I wrote a note in answer and leaving it at the door of the Theatre went in & saw a Comedy new to me called “The sons of Erin. I was pleased with it, and found unexpected good acting in some men whose names I had never heard to remember. Mr Finn is natural, has good judgment, good voice, pretty good person, expressive countenance, an easy genteel manner without being graceful. Mr Brown played an Irish servant extremely well. Mr Dalton, a coxcomb in pretty good style. Mr Thomas was above mediocrity. The ladies were my old acquaintances Mrs Young, Mrs Clarke (formerly Miss Harding) Mrs Hayes (formerly Claude & once Miss Hogg) Mrs Wheatley. Mr Pritchard, whom I met yesterday, is to play Othello on Wednesday, first time of appear here.’
8 November 1819
‘Call at Mr Southgates (to whom I was last night introduced) and pass half an hour with Bishop Moore. He is visiting his Diocese, returns here in about a fortnight & then goes home to Richmond. I am to paint his picture gratuitously, he being pleased with the offer, to be given to some friend to the North. He has children in Philadelphia. He recommends my being in Richmond during the session of the Legislature, promisses me his assistance & thinks I shall have employment. Mrs Southgate talks of a picture. Paint on the two Misses Glenn. Evening meet Gilfert at the Theatre. He says he can promise me 2 or 3 portraits to paint in Richmond. I have engaged a room to paint in, at a house but a short distance from my Hotel.’
18 November 1819
‘Mr More, the painter above mentioned as introducing himself to me, hearing that I was going towards Richmond, suggested my stopping at Surry Court house to paint the family of a Mr Price & a Doctor Graves, who wished him to do it, but he had no oilapparatus, he asked 50 dolls for a portrait.
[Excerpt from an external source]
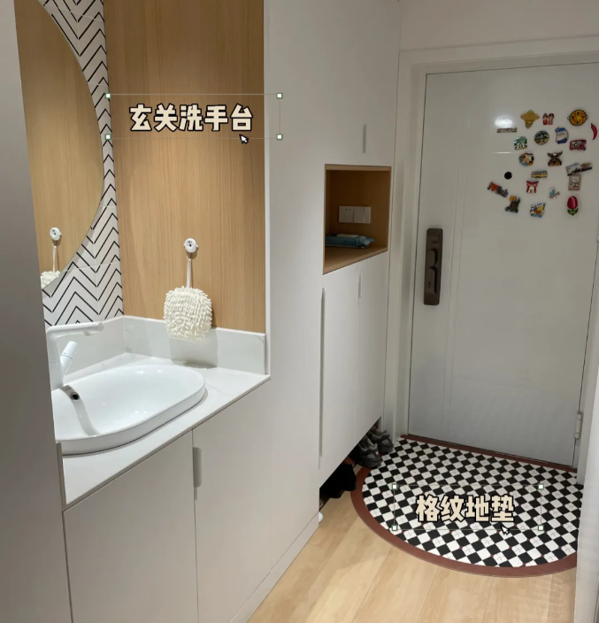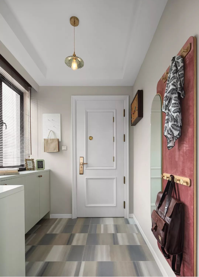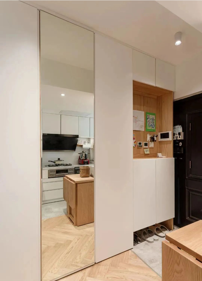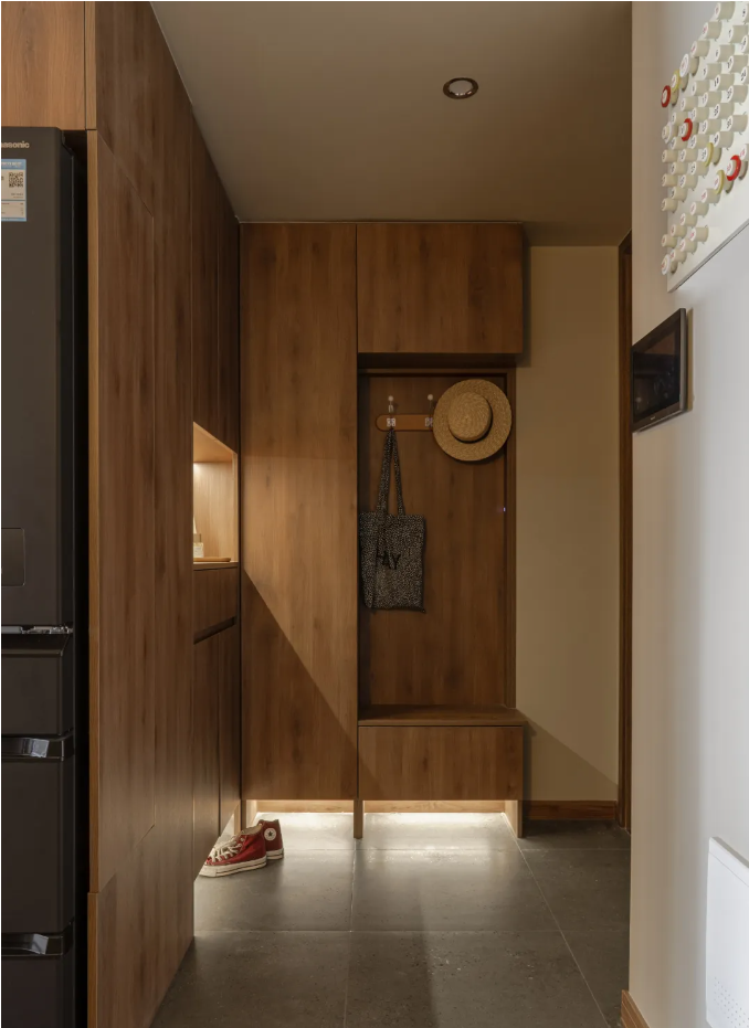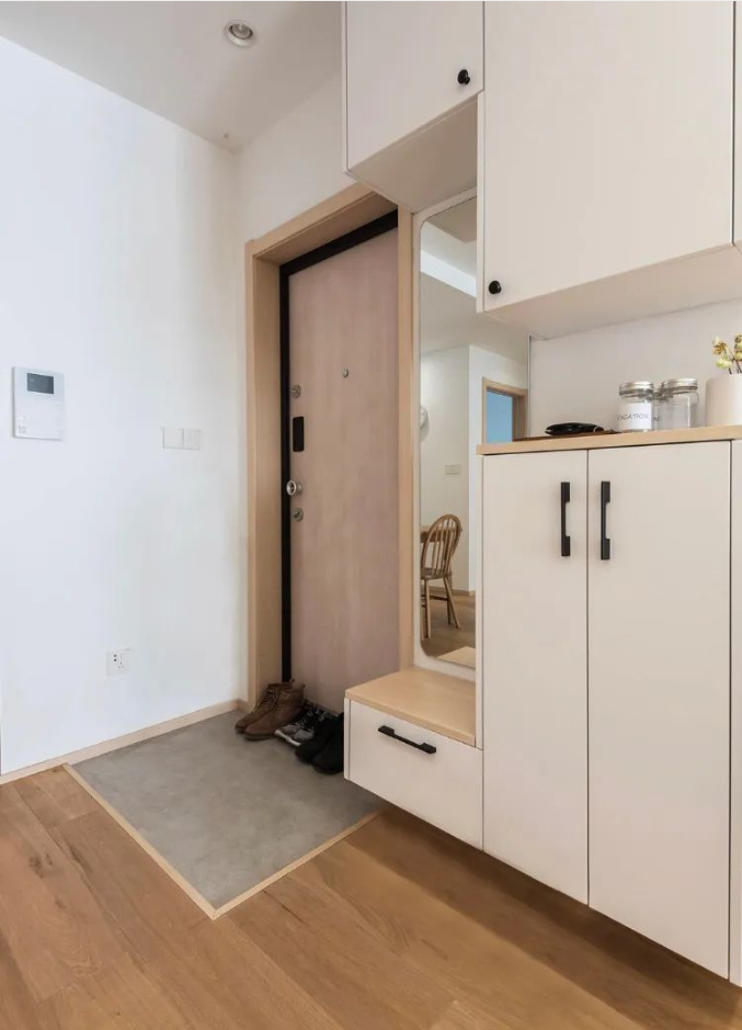 2、一體化玄關(guān)設(shè)計(jì):結(jié)合鞋柜、穿衣鏡、換鞋凳和洗手臺,這樣的設(shè)計(jì)既節(jié)省空間,又功能豐富。

On talking to Mr Glen he knowing Price, I write to day to him, & offer to come thither on an engagement for at least 4 portraits at 30, 50, or 75 dolls according to size. Paint on Glen. We have in the house Mr Wrifford a teacher of writing, a New England man, a character, he affords me entertainment, by shrewd remarks & eccentric manners. He is a singer & has a noble voice. Evening read in Kings. How does Elisha’s words “take my life for I am not better than my fathers” agree with the notion of his being an incarnate Angel? The book says 7000 had not bowed the knee to Baal, the Commentator says 7000 does not mean 7000 but a great many thousand, a majority of the nation, soon after the fighting men of Israel are number’d at 7000 & the commentator laments that Israel was so thinned, so reduced in number. “A Wall fell upon 27000 men & crush’d them” says the Com: “probably a burning wind is meant” We are told that what is translated ashes may mean bandage or fillet. Again ‘‘Gan Yirek may mean Garden of herbs or Grass plat. “Naboth did blaspheme God & the King” may be render’d “Naboth hath blessed God & the King” and the word barac may mean either bless or curse. How then is a sincere man to read this book? Again Ahab walked softly may be “barefooted” or groaning or with down hanging head. This curious Book must then it would appear be read with constant doubt as to the meaning of the original independent of all other doubts.’